Kiedyś tarty kojarzyły mi się tylko ze słodkimi deserami i maślanym spodem. Teraz chętnie eksperymentuję i robię również wytrawne tarty, w różnych wersjach. W tartach fajne jest to, że można je zjeść na ciepło od razu po upieczeniu, ale również i na zimno. Łatwo też można zabrać je ze sobą na lunch do pracy, a nawet dać w pojemnik dziecku do szkoły. Co jeszcze uwielbiam w tartach to to, że przygotowyje się je bardzo szybko.
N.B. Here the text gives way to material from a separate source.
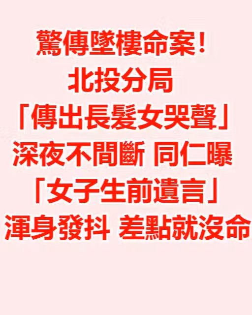驚傳墜樓命案!北投分局「傳出長發女哭聲」深夜不間斷 同仁曝「女子生前遺言」渾身發抖:差點就沒命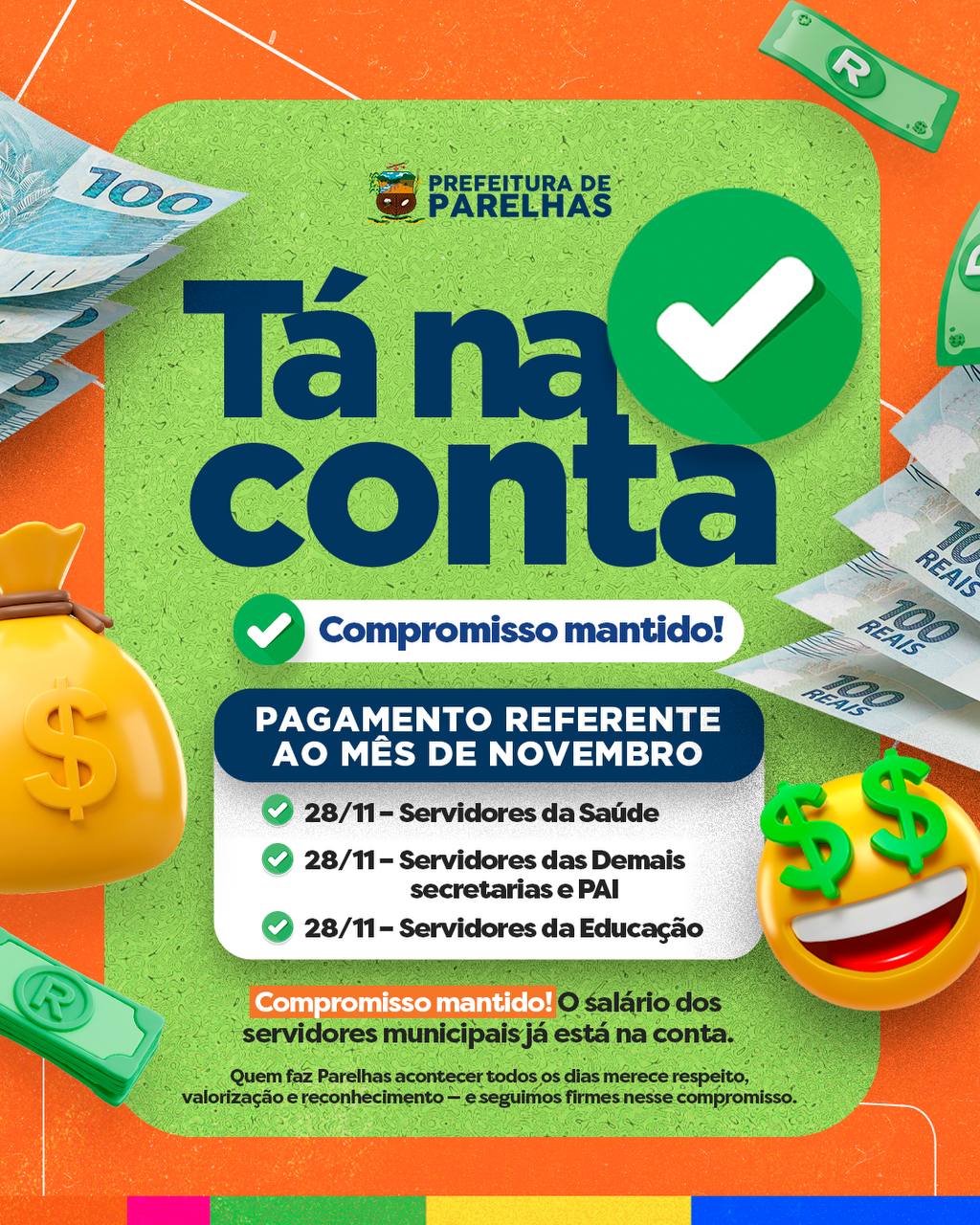 💰 TÁ NA CONTA! Pagamento referente ao mês de novembro já foi realizado para todos os...

Dzisiejsza tarta jest nieco inna, ponieważ nie jest na spodzie z ciasta kruchego, ale na spodzie z batatów.
Dodatkowym plusem tego przepisu jest to, że można go łatwo zamienić na danie wegańskie. Wystarczy zamiast jajka dodać agar, a zamiast jogurtu, jogurt sojowy. Smacznego!
Składniki:
- Batat 1,5 szt (średniej wielkości)
- Jajko 1 szt.
- Jogurt naturalny gęsty 300 g
- Szpinak baby 200 g
- Pomidory suszone 5 szt.
- Cebula 1 szt.
- Czosnek 2 Ząbki
- Oliwa 3 łyżki
- Ser parmezan 2 łyżki
- Sól 0,5 łyżeczki
- Pieprz 0,5 łyżeczki
- Papryka ostra 0,5 łyżeczki
- Papryka słodka 0,5 łyżeczki


Przygotowanie:
- Cebulę pokroiłam w drobną kostkę i zeszkliłam na odrobinie oliwy razem z czosnkiem.
- Następnie dodałam do cebuli opłukany szpinak i pokrojone w paski pomidory.
- Dusiłam to ok 7 minut. Następnie zdjęłam z ognia.
- Batata pokroiłam na równe dość cienkie plastry.
- Następnie podsmażyłam go na reszcie oliwy tak aby był miękki i rumiany.
- Wyłożyłam nim formę do tarty.
- Jajko wymieszałam dokładnie z jogurtem i przyprawami. Następnie wymieszałam ze szpinakiem i startym serem.
- Na batata wylałam masę i wstawiłam do piekarnika nagrzanego na 180 stopni. Piekłam 40 minut.